The Equal Employment Opportunity Commission (EEOC) forbids workplace discrimination based on race. While many people believe that racial discrimination comprises overt actions of racism, this is only part of the story. Subtle, insidious actions and comments can also prove discriminatory.

One such action is the banning of traditionally black hairstyles such as dreadlocks. At least, this is what one Texas court recently determined. And its ruling could have widespread implications for workplace discrimination in the state.

Federal court: schools cannot ban dreadlocks

Even if school districts or employers claim to embrace diversity, their actions often indicate otherwise.
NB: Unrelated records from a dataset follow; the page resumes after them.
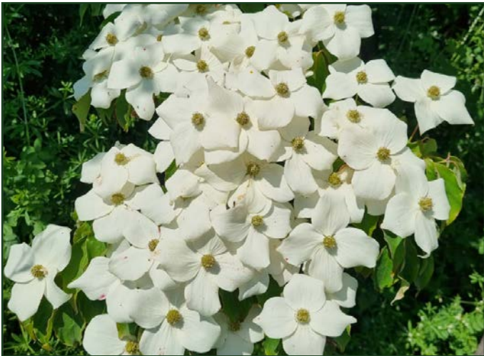
Cornus kousa

Venu des forêts de Colombie, cet arbuste peu commun demande de la chaleur et gagnera à être cultivé en serre, ou en gros pot à rentrer à l'abri pour l'hiver. Donnez-lui un substrat riche et de bons arrosages.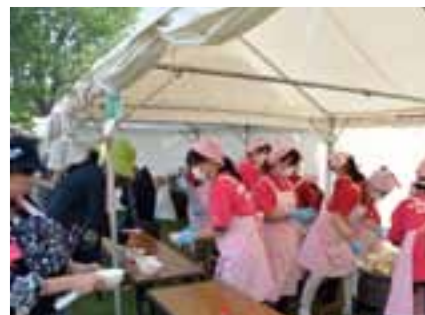
各競技会場での芋の子汁などの振る舞い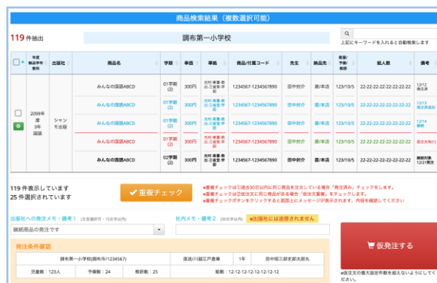
小学校継続発注画面

注文実績から継続発注したい商品を チェックして数量等の変更をして一括 で継続注文ができます。また2期制、 3学期制両方に対応しています。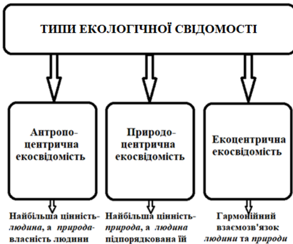
Рис. 1. Типи екологічної свідомості

Екологічно орієнтований світогляд повинен формуватися та підтримуватися постійно. І ключова роль у цьому процесі відводиться системі освіти упродовж усього життя. Тому, у найважливіших міжнародних документах останніх десятиліть, присвячених проблемам навколишнього середовища і гармонійного розвитку людства, особлива увага приділяється екологічній освіті, культурі та свідомості, інформованості людей про екологічні ситуації, їхній обізнаності з можливими шляхами вирішення різних екологічних проблем. А осередками екологічної освіти, цілеспрямованого впливу на світогляд і поведінку населення повинні бути установи природно-заповідного фонду, профільні навчальні заклади, спеціалізовані центри.

Earlier this year, a school district in the Houston metro area passed a rule banning male students from wearing their hair past their ears. Constituents expressed outrage when they discovered that the district meant to prevent black male students from wearing dreadlocks.
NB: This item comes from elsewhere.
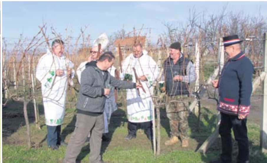
Gradinski vinogradari tradicionalno na Drokanovom brdu

The U.S. District Court in Houston ruled against the hair policy, prompting praise from advocates of racial diversity. Two black students have discrimination lawsuits pending against the district.

What does this mean for employment law?

Though the district court’s ruling applies to only the school district, it could set a precedent for future employment law rulings. State lawmakers have already taken notice. The Texas Legislative Black Caucus intends to draft a bill to prevent racially motivated discrimination against black hairstyles in the workplace.

If nothing else, the incident raised awareness of the subtle acts of racism that students and workers face every day. Though employers do have the right to prohibit certain hairstyles, this does not mean that it is acceptable—especially if it is motivated by racism. Employees, like students, have the right to seek counsel and even file lawsuits if necessary to ensure a discrimination-free work environment.